NASA Wakeup Calls banner featuring a sunrise over the earth's horizon. glowing over the right hand side of the image, and the project logo in the left hand.

Turning NASA Wake-up Calls into data

For a while back then I was into space flight again. Scientists, science communicators, and engineers were all excited for a new era of rocket launches and the potential unification of the human race as we look towards the future.

During that time I discovered Colin Fries’ work in the NASA History Division to document all NASA “Wake-up calls”. A wake-up call is simply a piece of music used to wake astronauts on missions, a different piece of music, daily, for the duration of the flight.

Take, for example, the last Space Shuttle mission (Space Transportation System) STS-135; it was in flight for 13 days, and the wake-up call on day one was Coldplay’s Viva la Vida, while on day 13 it was Kate Smith singing God Bless America.

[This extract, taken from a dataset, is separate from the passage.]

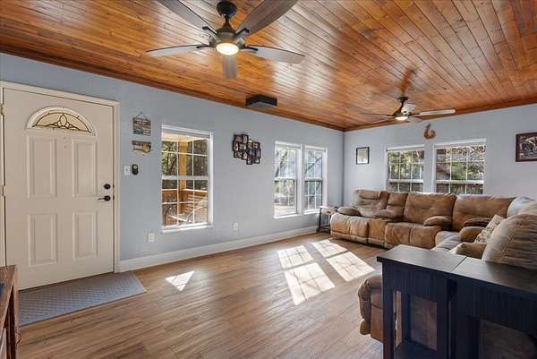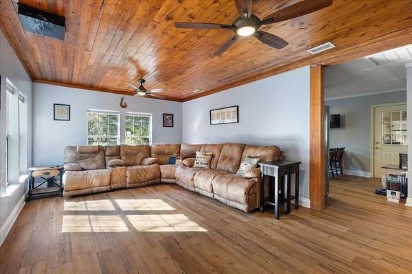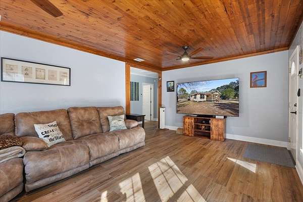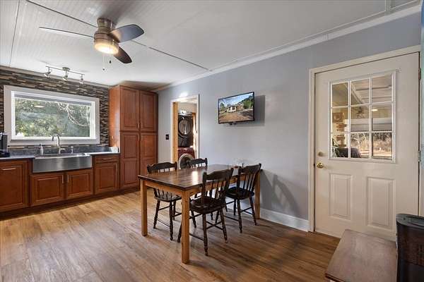 Welcome to this beautiful 3-bedroom, 2-bathroom home nestled on almost 2 peaceful acres -- the perfect blend of comfort, charm, and functionality. Step inside to discover a stunning remodeled kitchen featuring stainless steel appliances, including a gas cooktop, built-in oven and microwave, and a stainless farmhouse sink that adds a touch of timeless elegance. The home's bright living spaces feature durable luxury vinyl plank flooring, while the bedrooms offer plush carpeting for added comfort. You will love the newly and tastefully remodeled bathroom combining modern finishes with classic style. Enjoy peace of mind with a metal roof and a new water heater, ensuring longevity and efficiency for years to come. Outside, you'll find ample storage with two large sheds, including a spacious workshop--perfect for hobbies, tools, or extra space. Relax on the charming front porch, ideal for enjoying your morning or afternoon coffee, or unwind on the private screened-in back porch, the perfect spot for reading a book or soaking in the quiet scenery. This property offers the best of country living while being just a short drive from town conveniences. Don't miss your opportunity--call today to schedule your private showing!

As a huge music buff who has the radio or music television on 18 hours a day, I really wanted to delve into this further. While Colin’s work is great, it’s just a PDF file (@wtfpdf). A PDF is not an ideal file format for querying data and gleaning new insights. So, while I wanted to explore it, I first decided to turn it into a true dataset. The result was a set of resources, a website, a JSON, a CSV, and an SQLite database which are each more functional and more maintainable over time.

Lets take a look at the results and https://nasawakeupcalls.github.io below!

All systems go!

I first discovered Fries’ work in 2017 when I was staying in Houston briefly (not a bad synchronicity!), but it wasn’t until January 2019 that I finally had time to commit to doing more with this work.

I created a GitHub organization and created a source repository to work on the data.

The primary question was: how do I extract information from the PDF as data?

The PDF was a mixture of narrative and table-like data formatted somewhat inconsistently across the years, and mixed with unstructured metadata about table content, e.g. describing a specific reason for playing a certain wake-up call.

Ideally I would extract missions, mission dates, song dates, song titles, song artists, and song comments. I knew I would work with Apache Tika to extract text, use Python to perform some data cleanup, and then the rest we would see.

Instinctively I also knew this was likely to follow the pattern of the Pareto Principle whereby I could get close to 80% of the results I wanted with just a small amount of effort, and then look more closely at the work that was remaining, potentially doing it by hand.

I’ve learned about the application of the Pareto Principle for software problems more concretely by watching Greg Young recently:

To paraphrase Greg:

How many iterations can I use to automate data extraction and transformation to cover 80%, 85%, or 90% of the work? Is the final 10% an acceptable amount of remaining work to do manually? Does the balance between the effort to automate and the reward for automating shift toward handling the remaining effort by hand?

Working through the data

With some additional iteration to understand different data cleanup problems, I created three scripts in total to take me close to a usable dataset.

After extracting the text using Apache Tika, the scripts take care of the following:

  1. extracting the text using Tika
  2. combine data into sentences using a tokenizer made available for the Natural Language Toolkit (NLTK).
  3. extract song information into semi-structured data describing mission, date, song, artist, metadata comment, and so on.
  4. convert semi-structured data to JSON, performing minor data transformation along the way, e.g. converting dates to ISO 8601 format.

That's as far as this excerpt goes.